Крылатый хищник плавно повернул в сторону, словно удостоверившись в праве Дункана и Эмбер быть здесь, в этой сказочной долине. Пока они смотрели, орел поплыл в невидимом воздушном потоке к дальнему концу гряды и скрылся из глаз.
— Кто научил тебя отвечать на вопрос орла? — тихо спросила Эмбер.
— Мать моей матери.
— Значит, она была из Наделенных Знанием.
— Не знаю, — ответил Дункан. — У нас никого не называли Наделенными.
— Порою, в иных местах, бывает лучше не называться никак.
Дальше Дункан и Эмбер ехали в полном молчании, пока серебристый ручей с быстрым течением не вывел их в небольшую долинку и дальше, к неугомонному морю. Волшебный ветерок расчесывал казавшиеся живыми волокна болотных трав.

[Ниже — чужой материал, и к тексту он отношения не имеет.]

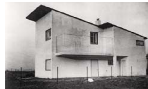
Wohn- und Atelierhaus im Stil des Neuen Bauens in Köln-Müngersdorf, Belvederestr. 79, 1930

1915 macht die Siebzehnjährige zunächst eine gärtnerische Ausbildung in Berlin. Schon davor hat sie gezeichnet, nun versucht sie sich im Modellieren und wird schon 1919 mit einer Porträtbüste in Leipzig ausgestellt. Der Schriftsteller Max Klinger rät der jetzt 20-Jährigen zu einer künstlerischen Ausbildung, und so darf sie 1918 als eine der ersten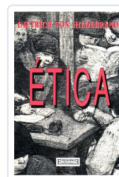
ÉTICA HILDEBRAND, DIETRICH VON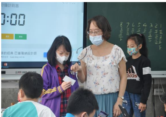
圖五 各組上台發表

Для мужчины и женщины, остановившихся на небольшой возвышенности над болотом, шум ветра и шуршание трав складывались в звук голосов множества людей, шепчущих, бормочущих, вздыхающих, поверяющих им свои тайны… в шелест тысячи сдерживаемых дыханий, колеблющих воздух.
— Теперь я знаю, почему это место называется Шепчущим Болотом, — тихо произнес Дункан.
— Оно остается таким лишь до прилета зимних гусей. А тогда в воздухе стоит гомон от их криков и свиста крыльев, и шепот болота бывает слышен только в самые ранние предрассветные часы.
— Я рад, что увидел его сейчас, когда солнце превращает верхушки болотных трав в огоньки свечей. Это как в церкви, в самые последние мгновения перед началом мессы.
— Да, — прошептала Эмбер. — Именно так. Все наполнено ожиданием.
Несколько минут Дункан и Эмбер сидели в молчании, наслаждаясь особым чувством покоя, царившим на болоте. Потом Белоногая опустила шею и натянула уздечку, прося, чтобы ей дали попастись.
— Она не уйдет, если мы спешимся? — спросил Дункан.
— Нет. Белоногая почти так же ленива, как Эгберт.
— Тогда пускай отдохнет немного до того, как мы пустимся в обратный путь.
Дункан спешился и снял Эмбер со спины лошади. Когда он поставил ее на ноги, пальцы ее ласково скользнули по его щеке, по гладкому темному шелку его усов. Он повернул голову и поцеловал ее руку. От нежного тепла его губ ее дыхание участилось.
Заглянув снизу вверх в глаза Дункана, Эмбер поняла, что должна отстраниться. Ей не надо было прикасаться к нему, чтобы ощутить его желание, которое было такой же частью мироздания, как и зов вольного орла.
— Очень скоро нам надо трогаться в обратный путь, — сказала она.
— Да. Но прежде…
— Что прежде?
— Прежде я научу тебя не бояться моего желания.